The  following  Python  examples  demonstrate  a  range  of  clustering  methods.  Overall  we

have tried to give an overview of the different approaches and have chosen examples that

are reasonably easy to explain (and write in Python) but which should also prove useful in

many different situations.

Simple threshold clustering

The first Python example in this chapter involves grouping items of data into clusters in a

fairly simple manner, based upon how close (similar) the items of data are.
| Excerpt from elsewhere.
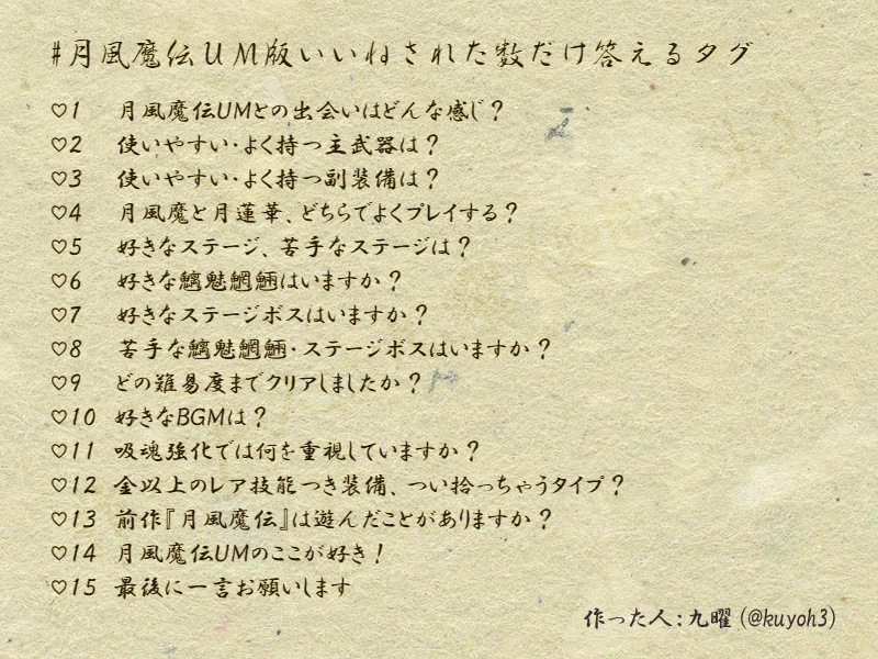 #月風魔伝UM版いいねされた数だけ答えるタグ
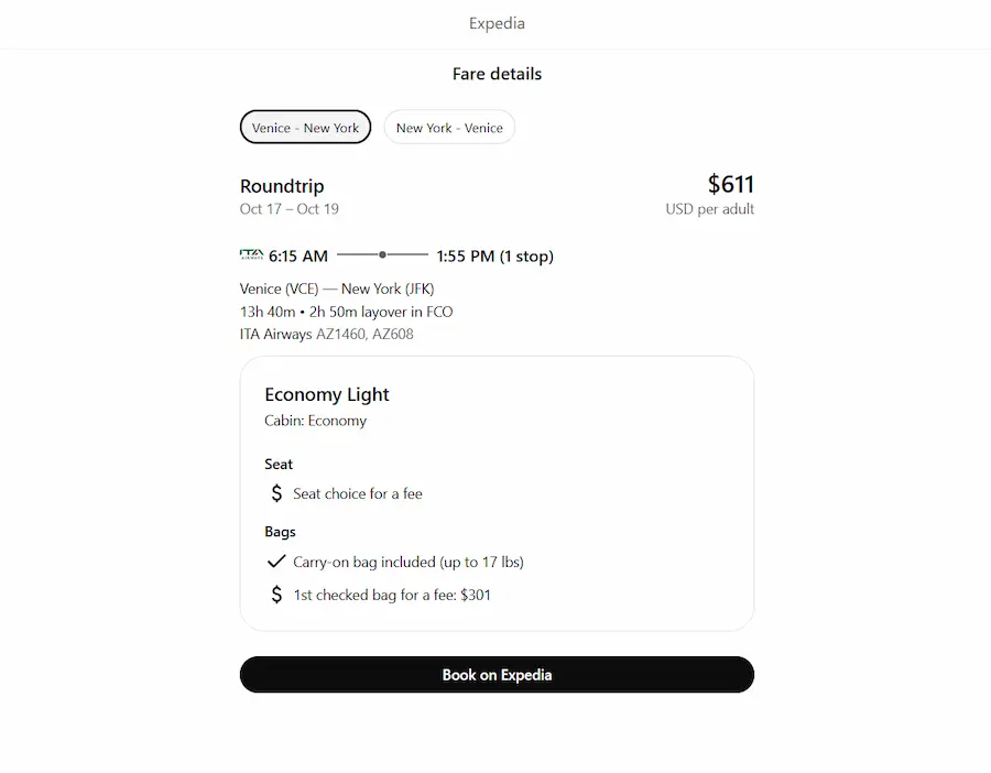 Nelle immagini attivo l'app di Booking e di Expedia, e cerco voli e camera per un viaggio, anche con query abbastanza specifiche (da notare come variano i widget di Booking in base alla ricerca).

This method is

somewhat naïve and suffers from a few problems, but is a good place to start in the subject

and  we  will  subsequently  show  improvements.  The  algorithm  works  by  initially

considering an item of data as a potentially separate cluster and then expands the cluster

by adding any other items that are sufficiently close, i.e. the distance between data points

is  less  than  a  threshold.  The  general  problem  with  this  kind  of  approach  is  that  it  is

sensitive to the arrangement of data points; two genuine clusters can be merged into one

by the presence of outlying points that just happen to span the gap between the clusters.

The method is sometimes described as being ‘too greedy’.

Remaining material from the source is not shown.